I make $1 above minimum wage in Los Angeles, so I'm wealthy in a global sense but poor in a local sense. I just live a frugal life with few expenses or vices beyond gaming and smoking, and that's what enables me to tip generously and give to mutual aid groups. I probably eat out less often than the average American, and I don't own a car, but I'm OK with losing those things. I am able and willing to make those sacrifices, so I do so. If you're not able or not willing to make those sacrifices, that's your choice, but don't take the consequences of your choice out on the people who are on the bottom rung of society. That's just gross.
Maybe it used to be decades ago when we first formed our opinions about this stuff, but times have changed since then. Rent has done nothing but go up, while the federal minimum wage has been $7.25/hour since 2009 and the federal tipped minimum wage has been $2.13/hour since 1991. That 15% you gave in 2010 was used for cigarettes and drinks after work, maybe coffee the next morning, maybe putting a little bit into savings or paying for college. Today, that 15% is used for rent. Rent and gas. Rent and gas and maybe childcare. Tipping more than 15% is our way to actually tell someone that they deserve more than just the necessities--and I don't mean telling them with words or with comments on Lemmy, I mean telling them with action.
Whether you respect them or not, those jobs still must exist until they are automated away. Casual dining and fine dining restaurants can't operate without servers--if that was possible, The Invisible Hand Of The Free Market would have eliminated that position centuries ago.
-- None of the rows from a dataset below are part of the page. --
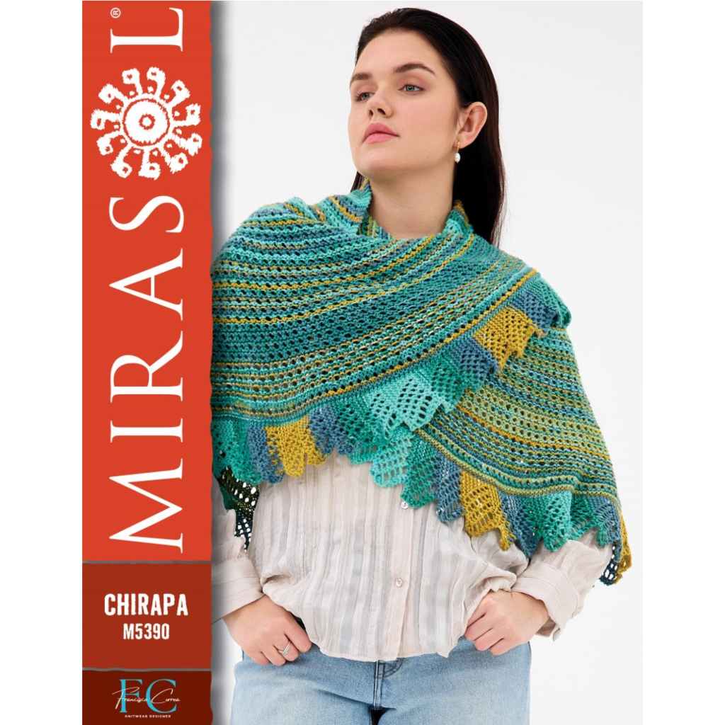 Mirasol 5390 Chirapa Sandra Shawl with lace border, using self stripping yarn #103
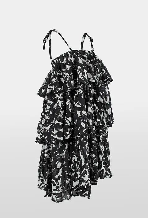 Тази елегантна рокля е със свободна кройка и дължина над коляното, което я прави идеална за топлите дни. Изработена е от 100% памук, осигуряващ мекота и дишаемост. Дизайнът е без ръкави, а целият модел е покрит с нежен флорален принт, придаващ свежест и женственост.
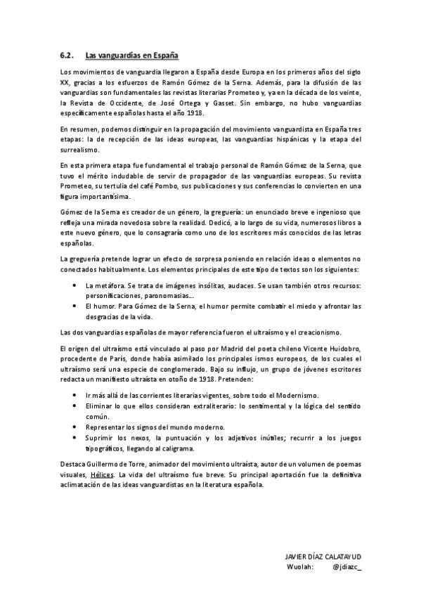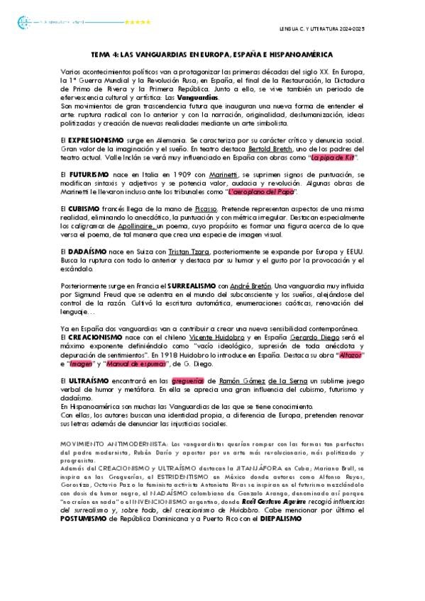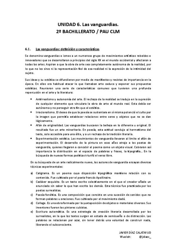 Resumen Las vanguardias. Lengua castellana y literatura II - UNIDAD 6 PAU CLM
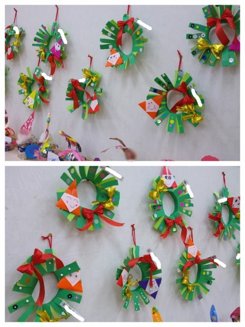 今日は、壁面に飾る雪だるまを作りました。白い画用紙を雪だるまの形にチョキチョキ✂“チョキチョキ回す チョキチョキ回す”と言いながら、はさみを動かしながら紙をまわして上手に切っていましたよ。マフラーや帽子もつけて、好きな模様を描きました。とても可愛らしい雪だるまたちが出来上がりました⛄
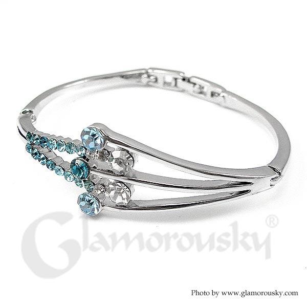 Category:BangleCollection:Banquet EleganceMetail:Silver-Plated PewterStone:Austrian Crystal(Blue)
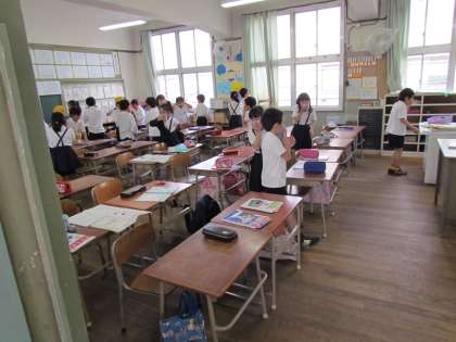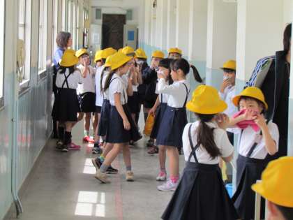 雨が心配されましたが、本年度、最初の避難訓練を行いました。今回は管理作業員室から出火、燃え移る恐れがあるということで運動場に避難しました。静かに早く集合することができました。
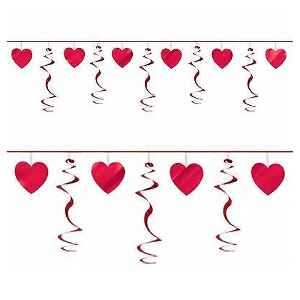 На горизонтальном красном шнуре расположились тонкие прозрачные ленточки с чередующимися красными фольгированными сердцами и спиральками- завитками. Длина гирлянды: 365 см.

I'm saying they need to have some respect for themselves and refuse bullshit ass pay like that. And the vast majority of civilized nations have servers just fine without tipping/bull shit poverty wages. Service is better too.
I understand what you're saying, and what you're saying is only concerned with individuals, not systems.
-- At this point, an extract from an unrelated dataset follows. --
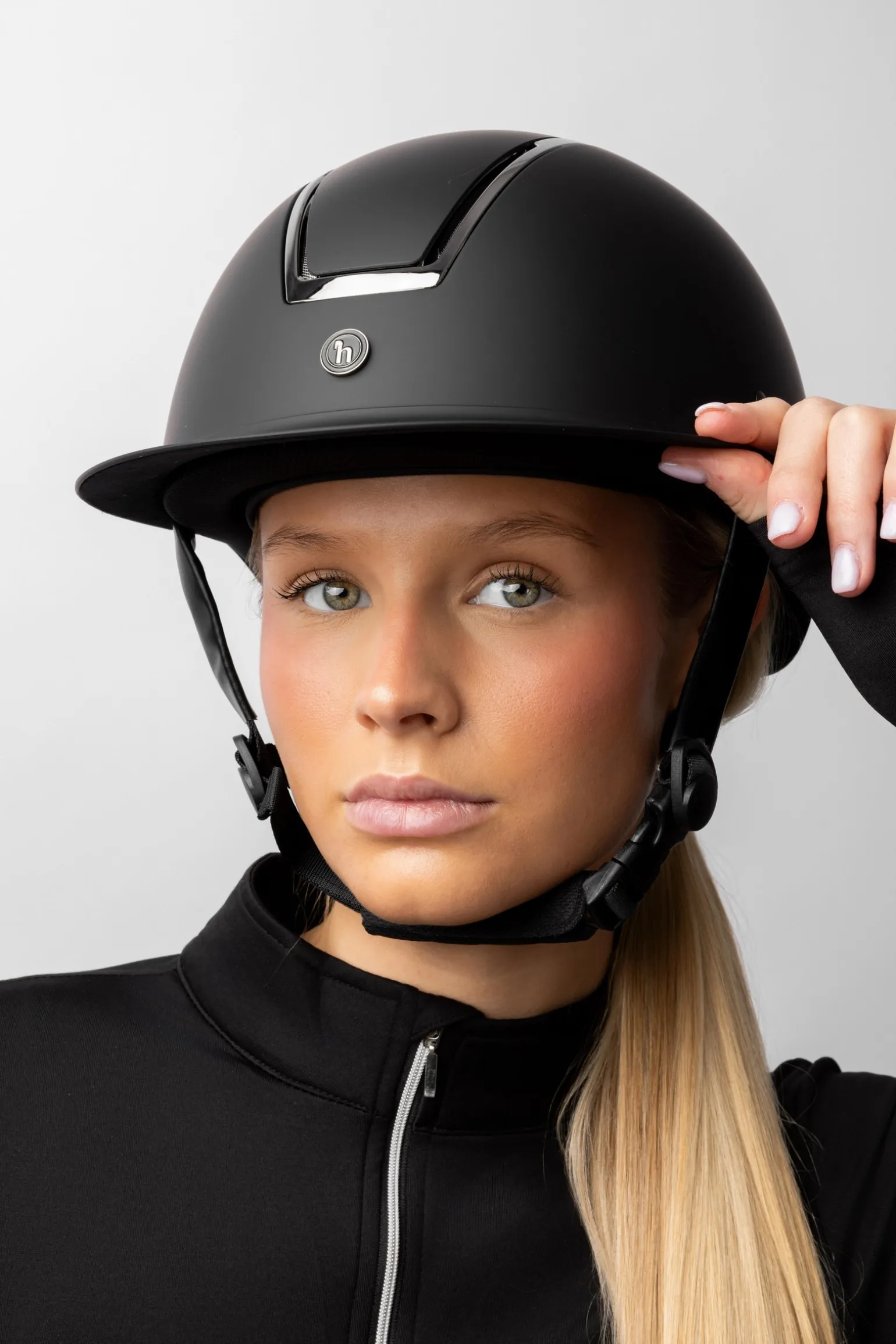 Der Horze Atmos II Reithelm wurde konzipiert, um hohen Belastungen standzuhalten. Die Belüftungsschlitze bieten Komfort und halten deinen Kopf durch eine hohe Luftzufuhr kühl. Die metallischen Einsätze auf der Außenfläche geben deinem Reitoutfit eine Spur Eleganz und sind in verschiedenen stylischen Farben erhältlich. Der breite Schirm sorgt für zusätzlichen Schutz. Das Größenverstellrad ermöglicht den perfekten Sitz. Das Memory Foam Futter bietet deinem Kopf Komfort und liefert bei einem Sturz den nötigen Schutz. Die flexible Krempe sorgt für zusätzliche Sicherheit.

What I'm saying is that regardless of how many individual people turn that job down, the job listing at that wage will still exist. Eventually, someone who is down on their luck will become desperate enough to take it because they don't have any other options left.
They could be homeless people trying to afford the deposit on an apartment, or single dads trying to pay for field trips for their kids, or ex-cons locked out of conventional employment trying desperately to earn an honest living, or college students trying to buy one used textbook, or even uneducated twenty-somethings trying to build work history so they can stop working for tips.
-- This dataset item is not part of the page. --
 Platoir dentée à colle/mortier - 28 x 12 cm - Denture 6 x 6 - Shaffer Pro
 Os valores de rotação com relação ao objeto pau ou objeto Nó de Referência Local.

All of those desperate people, the people who have no choice but to tolerate the wage that you have too much self-respect to accept--they deserve nice things too. Their boss is a greedy, insufferable bastard who is willing to pay them the minimum that he is legally required to. If he could pay his employees less, he would do it in a heartbeat. By refusing to tip, you are climbing in to the same boat he's in, no matter what ideology you shout as you clamber over the gunwales.
If all you're going to do is repeat ideologies while ignoring material conditions, then that's your call, but I'm done spending my time with you if that's your choice.
I'm against tipping specifically because of having worked in food service jobs. I'm sorry if that doesn't fit your narrative. And neither of you have meaningfully responded to why the rest of the world manages fine without tipping, which really says it all.